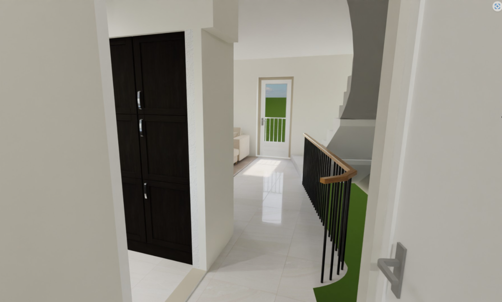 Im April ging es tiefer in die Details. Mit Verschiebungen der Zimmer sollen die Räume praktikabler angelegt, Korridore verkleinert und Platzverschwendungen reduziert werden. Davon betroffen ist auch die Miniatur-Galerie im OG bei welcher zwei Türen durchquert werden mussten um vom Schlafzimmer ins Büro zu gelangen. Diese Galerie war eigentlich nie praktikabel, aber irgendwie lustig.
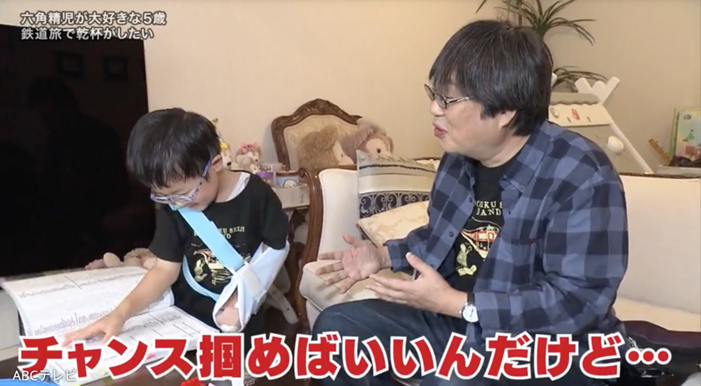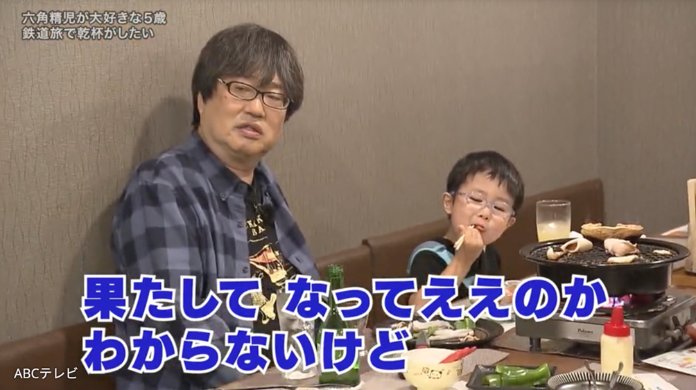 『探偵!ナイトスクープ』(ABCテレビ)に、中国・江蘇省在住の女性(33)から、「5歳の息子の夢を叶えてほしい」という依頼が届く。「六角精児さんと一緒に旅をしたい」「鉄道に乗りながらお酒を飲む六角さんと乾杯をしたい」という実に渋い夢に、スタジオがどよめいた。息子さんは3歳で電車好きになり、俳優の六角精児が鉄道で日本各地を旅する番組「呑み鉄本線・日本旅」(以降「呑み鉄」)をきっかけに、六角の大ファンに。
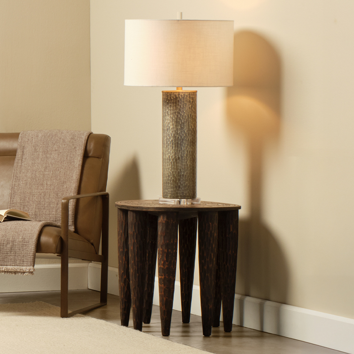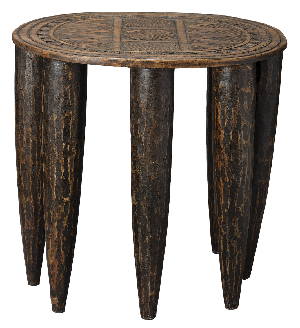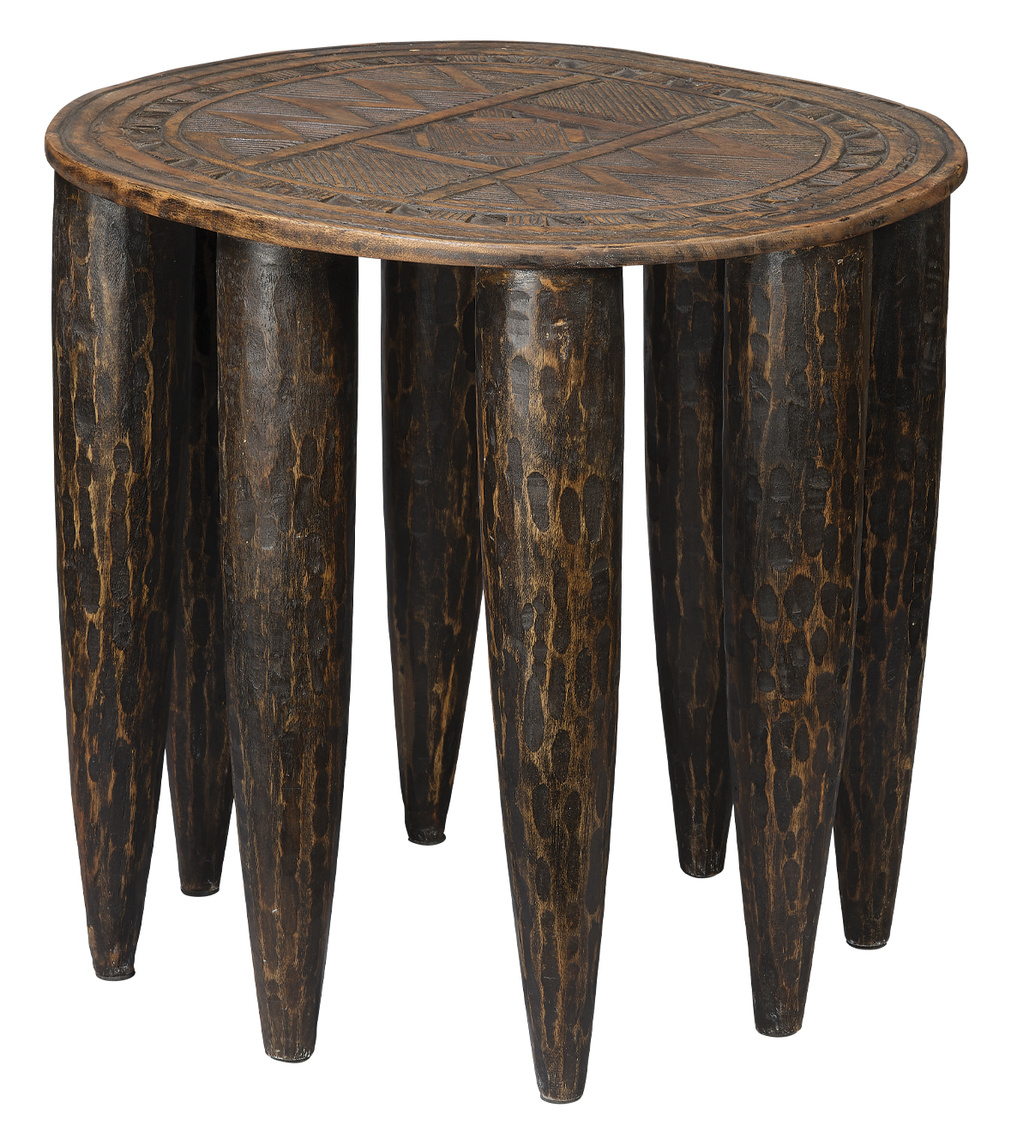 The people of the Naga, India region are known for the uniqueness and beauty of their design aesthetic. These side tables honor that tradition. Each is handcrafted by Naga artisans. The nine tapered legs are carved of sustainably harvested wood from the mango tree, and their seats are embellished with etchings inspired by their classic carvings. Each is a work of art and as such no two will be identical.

(Problem to work on):
Your task is to reproduce all of the material exactly. The pictures stay out.

(Task answer):
 Im April ging es tiefer in die Details. Mit Verschiebungen der Zimmer sollen die Räume praktikabler angelegt, Korridore verkleinert und Platzverschwendungen reduziert werden. Davon betroffen ist auch die Miniatur-Galerie im OG bei welcher zwei Türen durchquert werden mussten um vom Schlafzimmer ins Büro zu gelangen. Diese Galerie war eigentlich nie praktikabel, aber irgendwie lustig.
 『探偵!ナイトスクープ』(ABCテレビ)に、中国・江蘇省在住の女性(33)から、「5歳の息子の夢を叶えてほしい」という依頼が届く。「六角精児さんと一緒に旅をしたい」「鉄道に乗りながらお酒を飲む六角さんと乾杯をしたい」という実に渋い夢に、スタジオがどよめいた。息子さんは3歳で電車好きになり、俳優の六角精児が鉄道で日本各地を旅する番組「呑み鉄本線・日本旅」(以降「呑み鉄」)をきっかけに、六角の大ファンに。
 The people of the Naga, India region are known for the uniqueness and beauty of their design aesthetic. These side tables honor that tradition. Each is handcrafted by Naga artisans. The nine tapered legs are carved of sustainably harvested wood from the mango tree, and their seats are embellished with etchings inspired by their classic carvings. Each is a work of art and as such no two will be identical.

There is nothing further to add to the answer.